Click the "Delete Cookies" button and then the "Delete Files" button next to it.
When prompted, place a check in: "Delete all offline content", click OK.

Clean your Cache and Cookies in Firefox (if you also have Firefox installed):
Go to Tools > Options. Click Privacy in the menu on the left side of the Options window.
Click the Clear button located to the right of each option (History, Cookies, Cache).
Click OK to close the Options window.
Alternatively, you can clear all information stored while browsing by clicking "Clear All".
A confirmation dialog box will be shown before clearing the information.

Clean other Temporary files + Recycle bin
Go to start > run and type: cleanmgr and click ok.
Let it scan your system for files to remove.
Make sure Temporary Files, Temporary Internet Files, and Recycle Bin are the only things checked.
Press OK to remove them.


Step # 3

Reboot into Safe Mode now please.

Scan with HijackThis again and place a checkmark in the boxes before the following entries:-

R1 - HKCU\Software\Microsoft\Internet Explorer\Main,Search Bar = http://www.ipehluzjdx.org/TePo0AAID6...Hcvyv/RII.html

R0 - HKLM\Software\Microsoft\Internet Explorer\Search,SearchAssistant =

O4 - HKLM\..\Run: [KernelFaultCheck] %systemroot%\system32\dumprep 0 -k

Close ALL OTHER OPEN WINDOWS and click the "Fix Checked" button.


Step # 4

Use Windows Explorer to locate & delete the following files/folders in bold:

C:\WINDOWS\msbbau.dat

C:\Documents and Settings\All Users\Application Data\Four Book Grim Noun\
C:\Documents and Settings\Christopher\Application Data\LONGBARBEGGS\
C:\Documents and Settings\John\Application Data\LONGBARBEGGS\
C:\Documents and Settings\Michael\Application Data\LONGBARBEGGS\
C:\Documents and Settings\Ros\Application Data\LONGBARBEGGS\

*Right click the file or folder and select delete. Note the different user accounts!!


Step # 5

Open Notepad, (Start > Run, type notepad)
Copy ALL the quoted text below to Notepad.
Click File > Save As
Change the Save as type to *All Files*
Save it to your desktop as Fixlop.bat

@echo off
cd %systemroot%\Tasks
attrib -r -s -h A8C0A1C091CF55D4.job
attrib -r -s -h AF95FD95919A6F91.job
del AF95FD95919A6F91.job
del A8C0A1C091CF55D4.job
exit

Double-click Fixlop.bat to run the tool.


Step # 6

Restart the machine and download SmitfraudFix by S!Ri from either of these mirrors to your desktop:

SmitfraudFix Mirror 1
SmitfraudFix Mirror 2

Right click SmitfraudFix.zip and Extract (unzip) the SmitfraudFix folder inside to your desktop.

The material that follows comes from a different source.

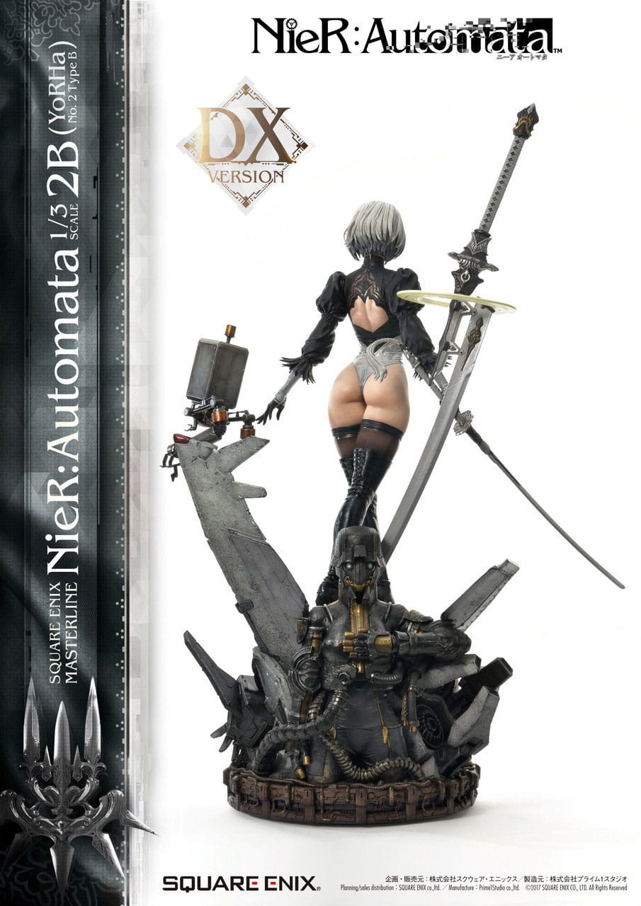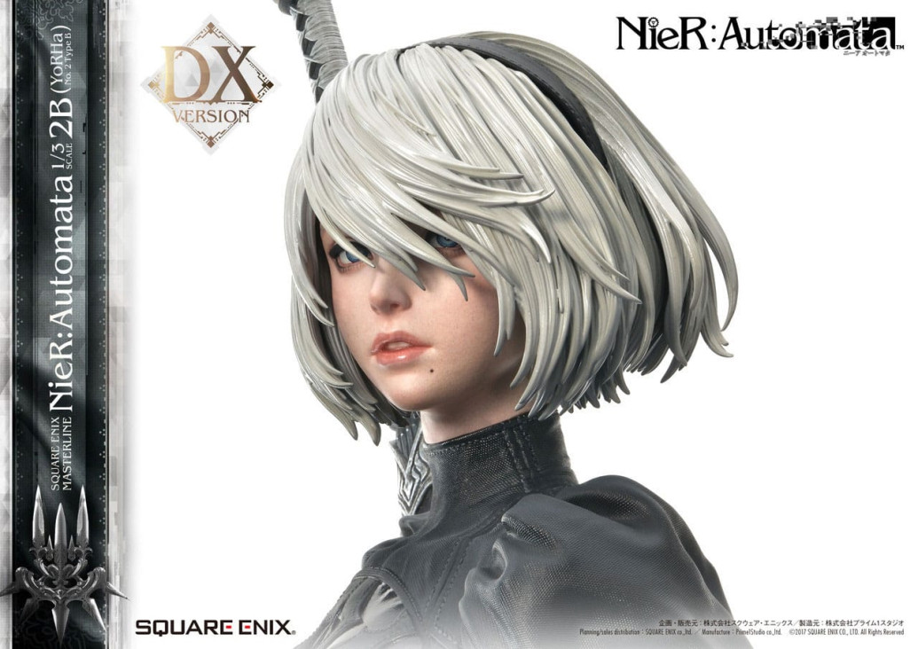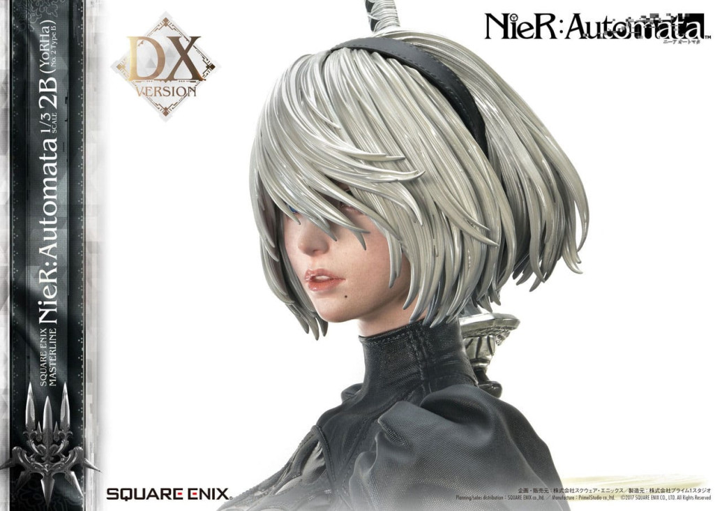 Die Form von 2Bs Gesicht und ihrer Kleidung wurden im Maßstab 1:3 nachgebildet und erwecken die kultigen Details aus dem Spiel zum Leben. Auf dem Sockel befindet sich auch die Unterstützungseinheit Pod 042 sowie viele Elemente, welche die Kämpfe der YoRHa-Einheit reflektieren, wie Teile der YoRHa-Einheit in schwerer Rüstung und der Flugeinheit, sowie das Schwert Tugendabkommen. All dies wird als ein einziges, dreidimensionales Werk präsentiert.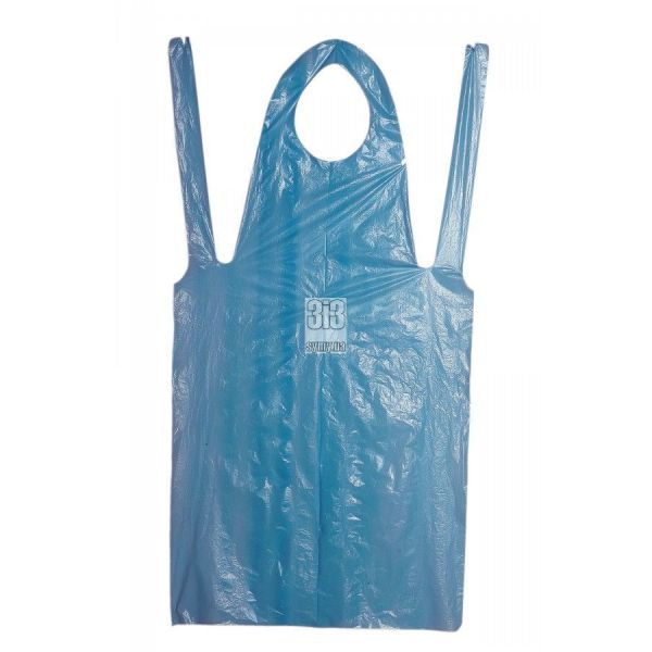 Одноразовий фартух з нагрудником, виготовлений з поліетилену, розмір універсальний (71*136 см). Доступний до замовлення в двох кольорах: білий чи блакитний. Продається пачками по 100 шт, ціна вказана за пачку.

Open the SmitfraudFix folder and double-click "smitfraudfix.cmd"

Select option #1 - "Search" by typing 1 and pressing "Enter".

Copy & paste the contents of the text file which appears back here please.

SOME ANTI-VIRUS PROGRAMS DETECT PROCESS.EXE (A COMPONENT OF THE REMOVAL TOOL USED IN THIS FIX) AS A "RISKTOOL". IT IS NOT HARMFUL AND ANY ALERTS FROM YOUR ANTI-VIRUS PROGRAM OF THIS NATURE SHOULD BE IGNORED.


Step # 7

Then post the following in your next reply please:

1. New HijackThis log.
2. Rapport.txt (Smitfraud log)
3. Any problems you encountered.

=================

I do remember getting Windows Defender to remove it but noone here has ever actually installed it.....

Believe me I am beginning to be a bit more hopeful and you are definitely decreasing my stress levels ! Thanks! ( I hope I haven't tempted fate there...)

Someone must have installed it !! Don't worry though, we'll have you fixed up in no time!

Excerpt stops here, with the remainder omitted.